La quota di partecipazione comprende il materiale didattico, coffee break e light lunch. 

 Scarica la Locandina

locandina_convegno_AIFI_Veneto_2014

Responsabili Scientifici

Dott.ssa FT Chiara Bendin, Dott. FT Andrea Polli.

Moderatori

Dott. FT Roberto Meroni, Dott. FT Donato Lancellotti.

Docenti

Dott. ROBERTO CASALE, MD; Dott. ANDREA TRUINI; Dott. FT ANDREA POLLI; Dott.ssa SILVIA BONINI; Dott.ssa MELANIA CONTINANZA; BSc(PT), MSAP DIANNE ANDREOTTI JACKSON; Dott.ssa FT GIULIA GUIDI; Dott. FT GIACOMO ROSSETTINI.
Leggi cosa si dice sui Relatori

 

Dopo il successo dell’anno scorso, anche quest’anno Aifi Veneto rinnova l’invito a tutti i colleghi al consueto appuntamento con il CONVEGNO SCENTIFICO REGIONALE. Dopo aver affrontato l’anno scorso il tema dell”’interdipendenza regionale”, quest’anno l’evento affronterà l’importante e centrale argomento del DOLORE.
Il dolore è la “spiacevole esperienza sensoriale ed emozionale associata ad un danno tessutale reale o potenziale..” (IASP , 94) mentre la nocicezione comprende anche le componenti emozionali, comportamentali e culturali, per cui l’argomento è complesso.

Nella pratica quotidiana, quando si parla di aspetto psicologico del dolore, si tende a pensare ad una patologia psichiatrica (ansia depressione..) che determina o fa immaginare al pz il dolore.

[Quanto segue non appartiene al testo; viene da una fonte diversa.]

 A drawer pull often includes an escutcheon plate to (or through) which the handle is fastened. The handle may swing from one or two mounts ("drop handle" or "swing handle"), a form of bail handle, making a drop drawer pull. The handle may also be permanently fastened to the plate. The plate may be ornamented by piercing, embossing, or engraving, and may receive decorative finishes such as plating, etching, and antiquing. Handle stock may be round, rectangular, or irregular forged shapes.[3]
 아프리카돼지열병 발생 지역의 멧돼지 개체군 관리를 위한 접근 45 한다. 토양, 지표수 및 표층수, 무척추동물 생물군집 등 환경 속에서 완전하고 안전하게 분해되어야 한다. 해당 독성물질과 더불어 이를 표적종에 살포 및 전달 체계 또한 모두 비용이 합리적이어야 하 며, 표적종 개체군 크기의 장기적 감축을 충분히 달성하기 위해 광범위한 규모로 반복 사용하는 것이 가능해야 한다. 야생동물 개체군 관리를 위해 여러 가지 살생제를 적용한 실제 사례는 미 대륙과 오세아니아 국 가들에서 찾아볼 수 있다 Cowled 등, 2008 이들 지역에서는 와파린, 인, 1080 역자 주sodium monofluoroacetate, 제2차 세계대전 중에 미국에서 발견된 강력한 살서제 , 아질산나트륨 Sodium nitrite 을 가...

In realtà, parlare di aspetto psicologico del dolore significa considerare che ogni individuo, con proprie emozioni, cognizione, cultura e religione, dopo aver giudicato, valutato e contestualizzato ,da’ un significato ad ogni input (in questo caso nocicettivo); l’entità delle risposte, cioè l’output (dolore in questo caso) sarà molto influenzata dalle proprie caratteristiche personali e dalla propria esperienza. A differenza del dolore acuto, che costituisce un segnale utile in presenza di stimoli nocivi e/o in presenza di danni ai tessuti, il dolore cronico perdura a lungo anche dopo che è cessata la sua utilità come segnale d’allarme.

Le nostre conoscenze sul dolore cronico sono state rivoluzionate dalle recenti scoperte scientifiche che mostrano profondi cambiamenti all’interno del Sistema Nervoso Centrale (SNC), in pazienti cronici.
Ulteriori aggiornamenti scientifici in questo ambito suggeriscono che questi cambiamenti dovrebbero essere l’obiettivo primario dei trattamenti, in un’ottica di presa in carico multiprofessionale e interdisciplinare.

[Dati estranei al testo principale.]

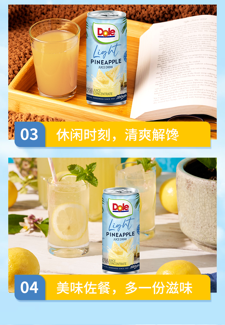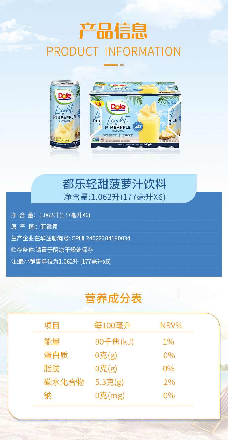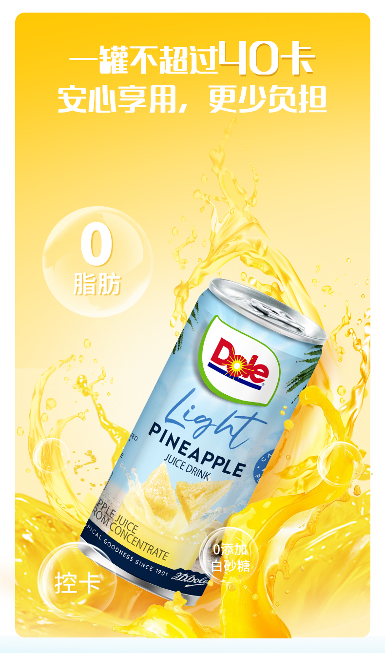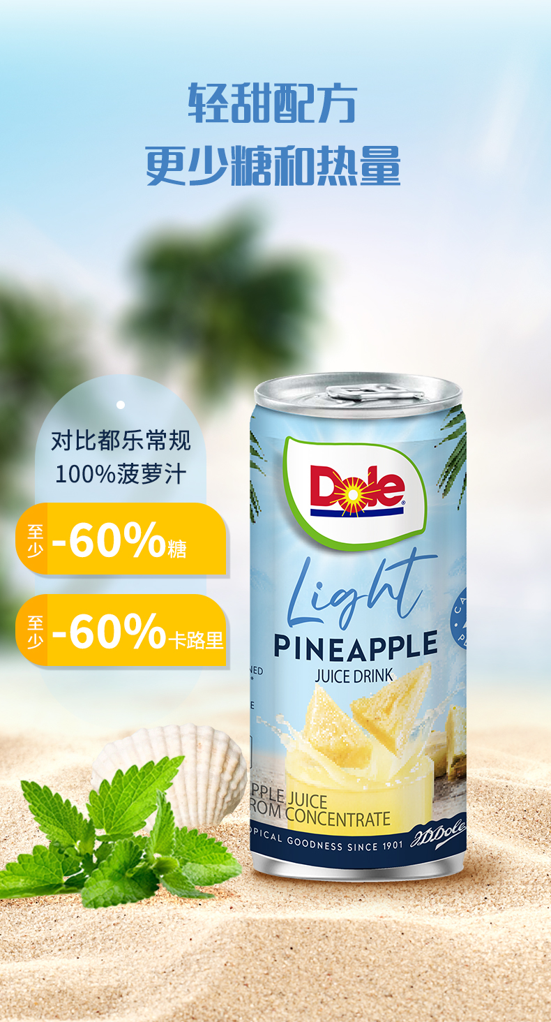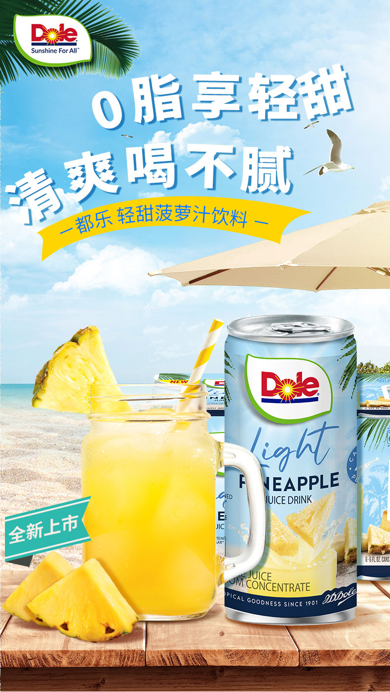 DOLE都乐 菲律宾进口 轻甜 菠萝汁 果汁 饮料 无添加 白砂糖 177ml*6罐 包邮

Fonti autorevoli stimano che il costo finanziario complessivo del dolore cronico per la società sia paragonabile a quello di altre gravi patologia che affliggono la popolazione mondiale.
Questo è uno dei motivi che sottolinea l’importanza di aumentare l’attenzione sul problema da parte dei professionisti sanitari, di accrescere la consapevolezza e di fornire strumenti più adeguati per una valutazione multidimensionale , indispensabile per un trattamento adeguato.

Vi aspettiamo numerosi!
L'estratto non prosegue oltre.